Work task: After locating the line with "DTC P0848 sets" in the entries below, output it and each following line up to and including the line with "I Apomixis and", exactly and without pictures.

Data for processing:
++++++

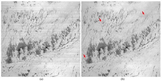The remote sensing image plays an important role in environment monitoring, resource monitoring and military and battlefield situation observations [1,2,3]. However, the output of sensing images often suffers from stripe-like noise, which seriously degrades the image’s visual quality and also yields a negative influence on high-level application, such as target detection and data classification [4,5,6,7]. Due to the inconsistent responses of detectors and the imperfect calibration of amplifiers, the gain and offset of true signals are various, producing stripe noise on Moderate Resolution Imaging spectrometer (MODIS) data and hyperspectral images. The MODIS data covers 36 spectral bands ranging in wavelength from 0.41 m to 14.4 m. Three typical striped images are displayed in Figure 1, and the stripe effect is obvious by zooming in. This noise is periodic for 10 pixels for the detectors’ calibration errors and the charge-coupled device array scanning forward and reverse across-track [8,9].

++++++

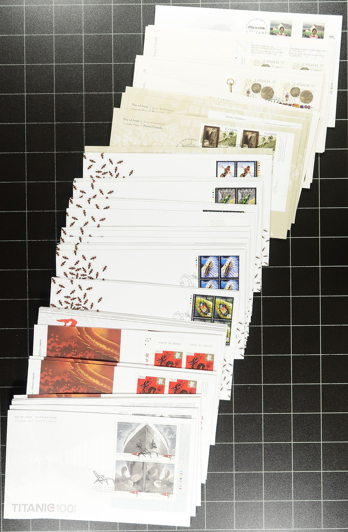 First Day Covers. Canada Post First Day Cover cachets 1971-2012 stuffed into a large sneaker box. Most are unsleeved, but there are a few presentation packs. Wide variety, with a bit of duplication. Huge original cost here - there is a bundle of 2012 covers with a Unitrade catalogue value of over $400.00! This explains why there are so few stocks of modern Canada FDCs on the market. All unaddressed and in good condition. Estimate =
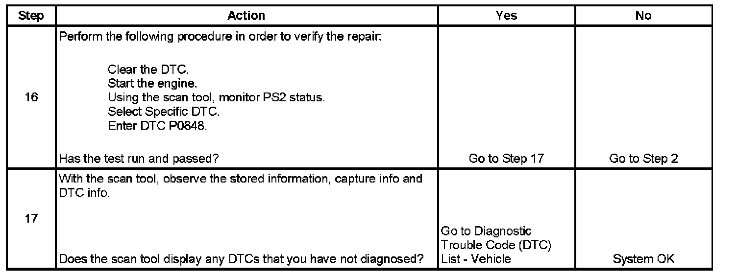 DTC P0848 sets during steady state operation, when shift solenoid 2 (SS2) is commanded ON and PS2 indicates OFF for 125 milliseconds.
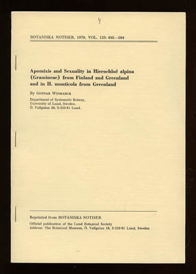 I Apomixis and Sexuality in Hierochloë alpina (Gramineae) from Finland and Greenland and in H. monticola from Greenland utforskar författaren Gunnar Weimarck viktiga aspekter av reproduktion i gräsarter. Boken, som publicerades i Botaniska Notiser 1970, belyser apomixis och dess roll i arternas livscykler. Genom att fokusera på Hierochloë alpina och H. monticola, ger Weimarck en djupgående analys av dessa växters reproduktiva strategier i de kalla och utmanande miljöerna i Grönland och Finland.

++++++

Task solution:
 DTC P0848 sets during steady state operation, when shift solenoid 2 (SS2) is commanded ON and PS2 indicates OFF for 125 milliseconds.
 I Apomixis and Sexuality in Hierochloë alpina (Gramineae) from Finland and Greenland and in H. monticola from Greenland utforskar författaren Gunnar Weimarck viktiga aspekter av reproduktion i gräsarter. Boken, som publicerades i Botaniska Notiser 1970, belyser apomixis och dess roll i arternas livscykler. Genom att fokusera på Hierochloë alpina och H. monticola, ger Weimarck en djupgående analys av dessa växters reproduktiva strategier i de kalla och utmanande miljöerna i Grönland och Finland.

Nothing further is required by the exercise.